2020-07-15T08:36:22.5375936Z xud-Alice-1594802059.log
2020-07-15T08:36:22.5439524Z 15/07/2020 08:34:20.328 [CONNEXT] trace: sending request to /mnemonic: {"mnemonic":"fashion trial glance afraid silk name benefit loud antique state reason volume mountain drop error snake clarify engage thrive orphan olive outer cart scheme"}

2020-07-15T08:36:22.5537966Z xud-Alice-1594801569.log
2020-07-15T08:36:22.5570972Z 15/07/2020 08:27:00.537 [CONNEXT] trace: sending request to /mnemonic: {"mnemonic":"goose satoshi dumb fun eight globe deer asset raise twin when domain brand poem spin small slight online brand outer guide mix winner maple"}

2020-07-15T08:36:22.5601336Z xud-Alice-1594801879.log
2020-07-15T08:36:22.5635509Z 15/07/2020 08:31:20.262 [CONNEXT] trace: sending request to /mnemonic: {"mnemonic":"measure render frozen evidence true parade have six frog food oblige maple dove decorate lizard seat pitch afford ridge ivory mammal stay inspire chapter"}

2020-07-15T08:36:22.5774951Z xud-Alice-1594801651.log
2020-07-15T08:36:22.5807057Z 15/07/2020 08:27:32.776 [CONNEXT] trace: sending request to /mnemonic: {"mnemonic":"coil divide obvious answer maple predict addict pride magnet ozone obey advance mass ability fall ordinary giraffe junk ankle company lounge exist rebuild cool"}

2020-07-15T08:36:22.6003372Z xud-Alice-1594801698.log
2020-07-15T08:36:22.6034928Z 15/07/2020 08:28:20.206 [CONNEXT] trace: sending request to /mnemonic: {"mnemonic":"alley enough rally early wife empty boil traffic empty tennis attract spray ethics despair spread like traffic soap sock caution edit confirm act strong"}

2020-07-15T08:36:22.6644918Z xud-Alice-1594801754.log
2020-07-15T08:36:22.6674273Z 15/07/2020 08:29:15.228 [CONNEXT] trace: sending request to /mnemonic: {"mnemonic":"weekend warfare obscure million evolve hat vacant weasel coast notable spot thing custom sound hurt unveil exotic fetch life please siege people goat flag"}

2020-07-15T08:36:22.6746530Z xud-Alice-1594801633.log
2020-07-15T08:36:22.6776547Z 15/07/2020 08:27:15.033 [CONNEXT] trace: sending request to /mnemonic: {"mnemonic":"brother captain depend armor hero oxygen father bless giggle task sausage sample fly blue special bulb ship actual any candy frog fix farm basic"}

2020-07-15T08:39:52.2768188Z xud-Alice-1594802260.log
2020-07-15T08:39:52.2817649Z 15/07/2020 08:38:24.993 [CONNEXT] trace: sending request to /mnemonic: {"mnemonic":"unusual quarter also evil deputy magic walk arrow matrix mind attitude happy lonely raw pill quarter indoor arctic coral blood duck pass impact start"}

2020-07-15T08:39:52.3177703Z xud-Alice-1594802311.log
2020-07-15T08:39:52.3210686Z 15/07/2020 08:38:32.524 [CONNEXT] trace: sending request to /mnemonic: {"mnemonic":"wisdom warrior swarm equip crowd blush square swift sort region scare bullet cinnamon deal talent eight pond amused margin napkin document own basket prevent"}

All of the xud logs started with:

2020-07-15T08:39:52.3178582Z 15/07/2020 08:38:32.067 [RPC] debug: Could not load gRPC TLS certificate. Generating new one

which also suggests that the private key was also created. How is the data directory of xuds handled within the test suite?
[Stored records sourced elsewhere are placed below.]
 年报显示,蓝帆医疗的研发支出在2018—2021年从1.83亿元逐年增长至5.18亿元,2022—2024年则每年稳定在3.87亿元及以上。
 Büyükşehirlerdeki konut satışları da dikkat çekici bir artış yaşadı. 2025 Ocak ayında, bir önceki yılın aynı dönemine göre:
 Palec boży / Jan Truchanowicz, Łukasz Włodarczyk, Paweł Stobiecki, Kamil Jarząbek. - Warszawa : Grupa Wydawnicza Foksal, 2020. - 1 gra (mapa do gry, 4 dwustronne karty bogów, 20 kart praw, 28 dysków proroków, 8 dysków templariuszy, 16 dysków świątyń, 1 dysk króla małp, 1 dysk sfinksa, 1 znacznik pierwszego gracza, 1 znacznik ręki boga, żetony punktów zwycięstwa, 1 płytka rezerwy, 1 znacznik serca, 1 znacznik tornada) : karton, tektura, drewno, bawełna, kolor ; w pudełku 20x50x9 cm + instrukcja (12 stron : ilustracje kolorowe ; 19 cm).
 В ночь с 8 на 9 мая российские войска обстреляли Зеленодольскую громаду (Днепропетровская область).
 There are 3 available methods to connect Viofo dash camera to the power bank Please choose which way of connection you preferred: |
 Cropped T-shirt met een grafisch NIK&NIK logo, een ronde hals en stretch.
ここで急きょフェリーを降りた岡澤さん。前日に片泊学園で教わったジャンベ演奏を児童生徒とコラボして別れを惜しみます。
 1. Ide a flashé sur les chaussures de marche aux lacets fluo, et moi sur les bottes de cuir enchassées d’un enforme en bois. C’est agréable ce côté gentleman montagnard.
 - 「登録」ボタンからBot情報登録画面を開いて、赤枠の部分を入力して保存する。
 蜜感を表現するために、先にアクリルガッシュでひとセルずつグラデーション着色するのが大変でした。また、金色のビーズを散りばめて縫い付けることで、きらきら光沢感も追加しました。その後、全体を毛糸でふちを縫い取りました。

LePremierHomme commented 4 years ago

On every network launch (btcd, ltcd, lnd-btc nodes, lnd-ltc nodes, connect-client nodes, xud nodes), each node instance gets it's own datadir, which get deleted on the network teardown. This happens also when we're switching xud with the custom-xud version. So what you described is the expected behaviour.

In the case of the test scenario, the xud node instance lives throughout the connext-client crash/re-start, so it's expected to have the same private key and to use the same mnemonic.

LePremierHomme commented 4 years ago

The problem is due to the re-init of the same connext client with different seeds during its lifetime, even if the secondary init happened before the HTLC was activated. It's currently not supported by connext client.